*** Data provided ***

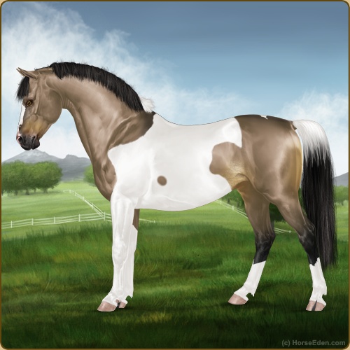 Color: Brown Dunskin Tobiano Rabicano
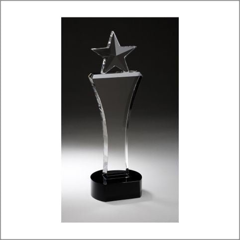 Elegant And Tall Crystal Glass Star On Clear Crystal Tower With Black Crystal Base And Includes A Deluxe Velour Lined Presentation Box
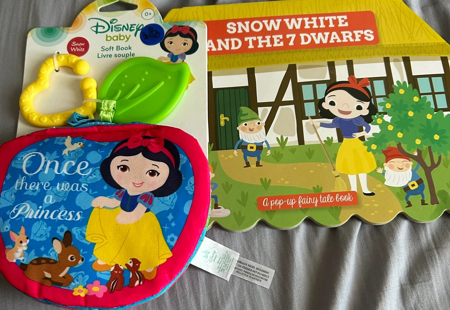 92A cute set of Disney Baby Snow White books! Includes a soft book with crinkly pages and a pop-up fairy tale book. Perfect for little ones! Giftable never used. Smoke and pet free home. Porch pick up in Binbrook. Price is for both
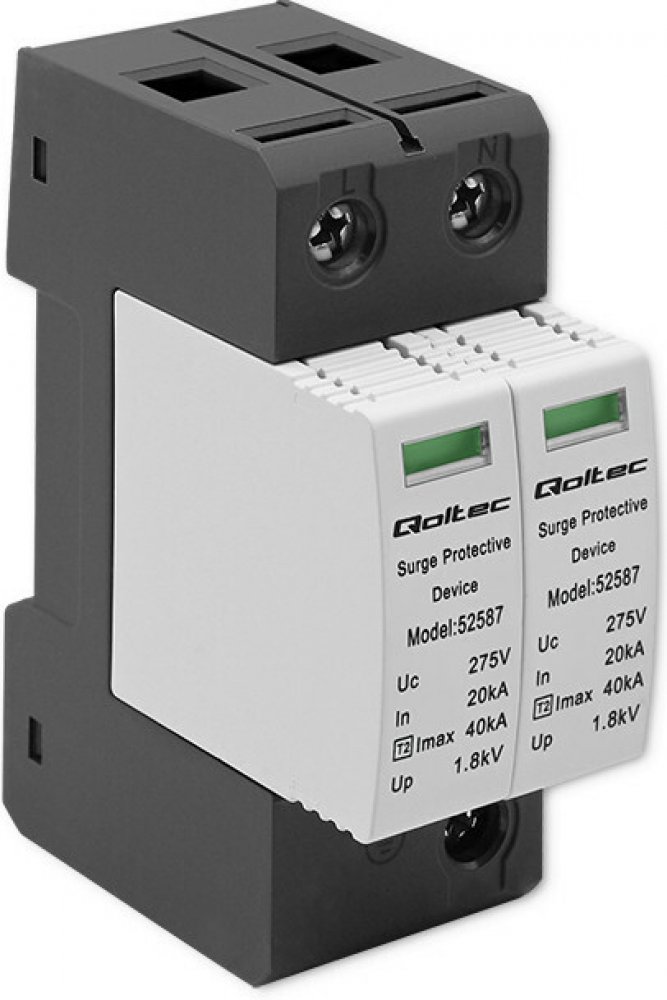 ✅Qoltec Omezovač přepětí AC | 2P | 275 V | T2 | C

***

Work item:
Beginning with the line that holds "Elegant And Tall", extract every line to the end of the material, exactly as it stands, and drop the pictures.

Output for this task:
 Elegant And Tall Crystal Glass Star On Clear Crystal Tower With Black Crystal Base And Includes A Deluxe Velour Lined Presentation Box
 92A cute set of Disney Baby Snow White books! Includes a soft book with crinkly pages and a pop-up fairy tale book. Perfect for little ones! Giftable never used. Smoke and pet free home. Porch pick up in Binbrook. Price is for both
 ✅Qoltec Omezovač přepětí AC | 2P | 275 V | T2 | C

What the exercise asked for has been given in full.